-- DATA BLOCK --
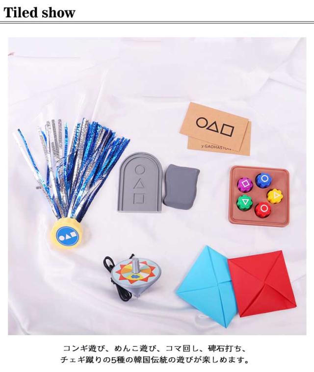 | 韓国の伝統的な遊びセット ゲーム5種セット コンギ遊び、めんこ遊び、コマ回し、碑石打ち、チェギ蹴りの5種の韓国伝統の遊びが楽しめます。 | |
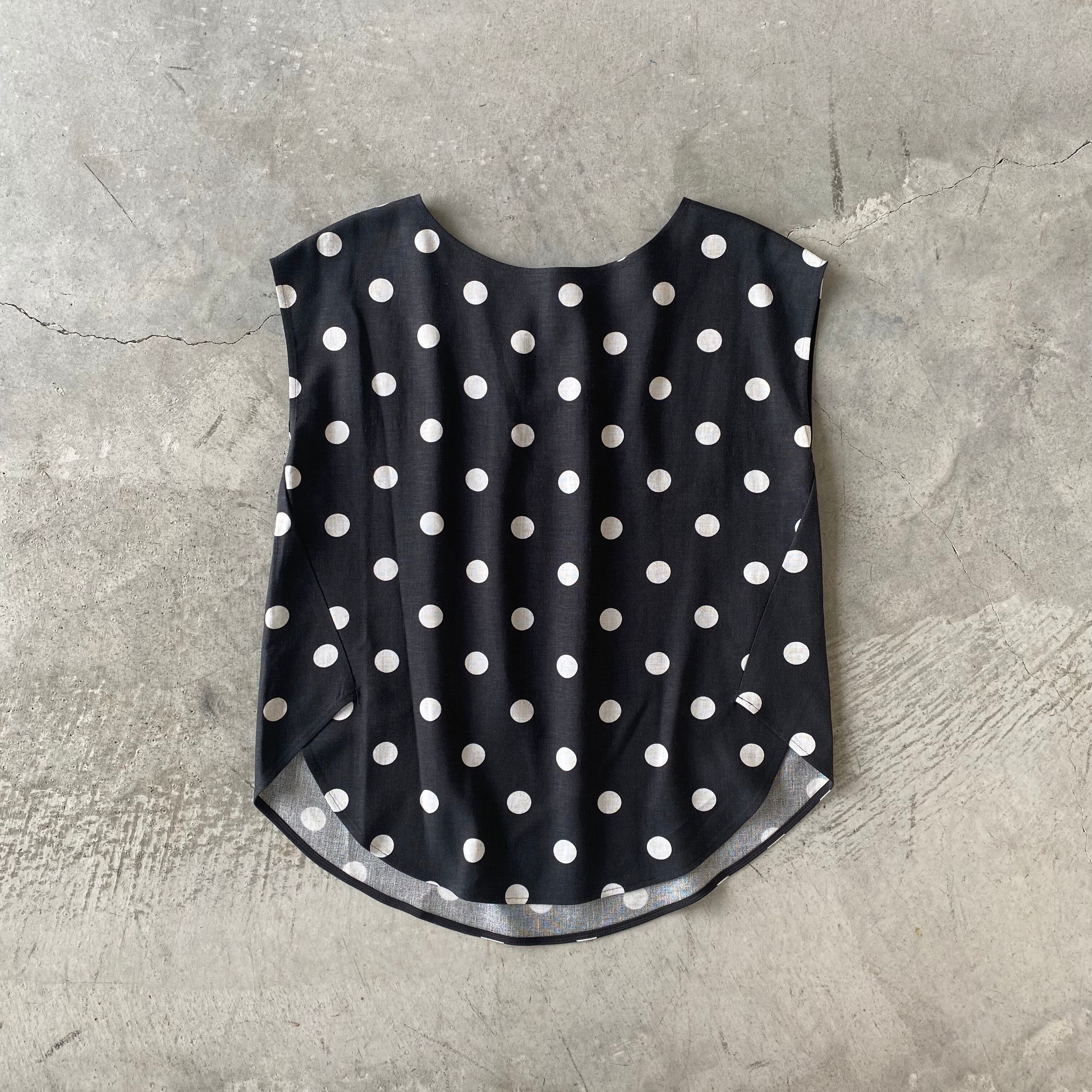 大粒のドットをあしらったレーヨンリネン素材のフレンチスリーブトップス。
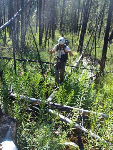 Ben hiking on the overgrown trail. Believe me or not the trail is not hard to follow...

-- TASK DIRECTIONS --
Go through the material above and repeat it exactly. Omit the pictures.

-- PROBLEM SOLUTION --
 | 韓国の伝統的な遊びセット ゲーム5種セット コンギ遊び、めんこ遊び、コマ回し、碑石打ち、チェギ蹴りの5種の韓国伝統の遊びが楽しめます。 | |
 大粒のドットをあしらったレーヨンリネン素材のフレンチスリーブトップス。
 Ben hiking on the overgrown trail. Believe me or not the trail is not hard to follow...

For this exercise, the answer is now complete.